By Afkar Aristoteles Mukhaer, Rabu, 10 April 2024 | 09:00 WIB
Subak merupakan sistem ekologi yang berkeadilan antara kebutuhan manusia dan pelestarian alam. Sistem ini sudah diwariskan sejak sebelum kedatangan agama Hindu oleh masyarakat Bali. Ada pun sistem ini merupakan cerminan salah satu demokrasi tertua di dunia dalam pembagian tanah. (Yunaidi Joepoet)

Kemudian pengetahuan ini diwariskan pada periode selanjutnya. Dalam prasasti Pengotan Bali dari 1069, raja harus mengelola subak dan peduli pada konservasi. Kepengurusan harus memandang lanskap Bali harus dilindungi, termasuk masalah hidrologi.

"Secara hierarki, raja-raja berikutnya mengikuti. Tujuannya adalah menyelamatkan air dari Gunung Batur, untuk hilirisasi subak," terang Made.

Prasasti itu terdiri dari peraturan, termasuk Kayu Larangan, tidak boleh menebang pohon-pohon tertentu. Kayu juga tidak boleh menghalangi aliran sungai. Inilah konsep berkeadilan terhadap lingkungan yang ditekuni masyarakat Bali sejak dulu.

Ada pun beberapa prasasti yang menyebutkan "suwak" yang merupakan asal kata subak. Salah satunya prasasti Pandak Badung dari tahun 1071. Prasasti itu merujuk pada nama Subak Talaga. 

Pola sawah dalam jaringan irigasi subak di Bali melingkar, seperti konsep pemahaman masyarakat akan posisinya dengan alam. Mereka memusatkan hubungan harmoni antara Buana Agung (Bumi) dan Alit (manusia) yang sebenarnya satu kesatuan. Jika bagian dalam ini terpisah dari habitat sekitar, akan ada ancaman bencana.

"Itu pelajaran berharga yang diwarisi leluhur. Di Indonesia banyak dari ratusan suku bangsa yang memiliki nilai tradisi seperti ini," jelasnya. "Berkelanjutan ini bukan hanya mewarisi tradisi, tetapi bagaimana tradisi itu melakukan atau me-protect alam supaya generasi berikutnya bisa memanfaatkan. Itu upaya sustainable."

Subak untuk Konservasi Dunia

Bersama Harry, Made memperkirakan bahwa sistem seperti ini sangat mungkin untuk diterapkan secara universal. Pasalnya, leluhur manusia sudah memikirkan sistem irigasi begitu mengenal pertanian.

Misalnya, masyarakat di Nusa Tenggara Timur mengenal irigasi dengan pola sawah lingko todo seperti jaring laba-laba yang dapat membagi air secara merata ke setiap petak sawah.

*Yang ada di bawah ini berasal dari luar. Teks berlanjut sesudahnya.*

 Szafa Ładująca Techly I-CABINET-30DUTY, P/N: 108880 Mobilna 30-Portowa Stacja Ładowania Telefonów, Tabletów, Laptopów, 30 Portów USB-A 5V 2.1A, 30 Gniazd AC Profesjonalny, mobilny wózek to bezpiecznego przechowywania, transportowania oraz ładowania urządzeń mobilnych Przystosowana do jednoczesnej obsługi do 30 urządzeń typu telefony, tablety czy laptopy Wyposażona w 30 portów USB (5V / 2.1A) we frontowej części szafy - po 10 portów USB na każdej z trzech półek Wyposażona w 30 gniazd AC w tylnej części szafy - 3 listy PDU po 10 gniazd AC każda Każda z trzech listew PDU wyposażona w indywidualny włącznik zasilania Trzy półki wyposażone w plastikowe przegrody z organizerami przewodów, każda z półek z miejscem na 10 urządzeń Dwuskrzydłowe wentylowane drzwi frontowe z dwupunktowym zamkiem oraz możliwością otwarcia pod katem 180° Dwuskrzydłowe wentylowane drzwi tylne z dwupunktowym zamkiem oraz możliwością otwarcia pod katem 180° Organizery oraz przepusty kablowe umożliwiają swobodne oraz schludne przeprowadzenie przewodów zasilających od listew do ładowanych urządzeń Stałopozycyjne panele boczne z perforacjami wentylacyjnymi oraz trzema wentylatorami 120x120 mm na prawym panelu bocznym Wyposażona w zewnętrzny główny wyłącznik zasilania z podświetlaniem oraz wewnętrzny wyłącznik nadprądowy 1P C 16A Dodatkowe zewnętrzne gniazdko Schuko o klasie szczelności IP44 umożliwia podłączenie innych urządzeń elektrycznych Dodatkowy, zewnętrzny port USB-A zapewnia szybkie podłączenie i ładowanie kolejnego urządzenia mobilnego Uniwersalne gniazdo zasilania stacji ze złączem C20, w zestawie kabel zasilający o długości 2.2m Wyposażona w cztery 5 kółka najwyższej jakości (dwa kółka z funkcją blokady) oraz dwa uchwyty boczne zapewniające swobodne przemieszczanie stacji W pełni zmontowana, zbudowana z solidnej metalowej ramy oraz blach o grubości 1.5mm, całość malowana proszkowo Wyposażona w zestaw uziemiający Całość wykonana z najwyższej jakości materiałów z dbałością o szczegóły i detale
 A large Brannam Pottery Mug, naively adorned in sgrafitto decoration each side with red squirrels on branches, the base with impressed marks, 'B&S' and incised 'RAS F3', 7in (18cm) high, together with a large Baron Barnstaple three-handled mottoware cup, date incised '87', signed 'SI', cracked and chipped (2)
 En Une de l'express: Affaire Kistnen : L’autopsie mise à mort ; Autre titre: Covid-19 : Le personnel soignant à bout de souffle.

Ada pun Tiongkok mengenal sistem xinghua duotioan yang membuka aliran lebar, menyeluruh untuk membasahi petak sawah, sekaligus mencegah banjir. Begitu pula terasering sawah padi Bnaue di Filipina.

"Budaya tentang pengelolaan air itu sudah ada di berbagai masyarakat, bukan saja di Bali, Jawa, dan daerah Asia," terang Made. "Ada rekayasa ekologi di situ. Masyarakat di situ ada tradisi konservasi ekologi dengan membuat irigasi seperti itu. Ini juga mencegah dari alih fungsi [lahan pertanian]."

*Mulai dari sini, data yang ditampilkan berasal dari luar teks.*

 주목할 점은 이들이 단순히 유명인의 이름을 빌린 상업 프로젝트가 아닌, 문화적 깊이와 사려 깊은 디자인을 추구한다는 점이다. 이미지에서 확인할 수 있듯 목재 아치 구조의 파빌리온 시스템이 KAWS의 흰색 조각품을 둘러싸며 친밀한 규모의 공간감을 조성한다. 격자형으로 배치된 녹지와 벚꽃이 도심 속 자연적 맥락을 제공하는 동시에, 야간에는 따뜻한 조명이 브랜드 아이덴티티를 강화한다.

Kekayaan pengetahuan subak di Bali perlu diperhatikan untuk tetap lestari. Bali modern menjadi tempat destinasi wisata yang memikat bagi masyarakat penjuru dunia karena keindahan alam dan spiritualitasnya.

Made menyarankan, subak bisa menjadi wisata edukasi keberlanjutan berbasis tradisi. Dengan demikian, pengetahuan ini bisa terlebar luas dan berpeluang untuk diterapkan di tempat lain sebagai upaya menjaga hubungan alam dan manusia.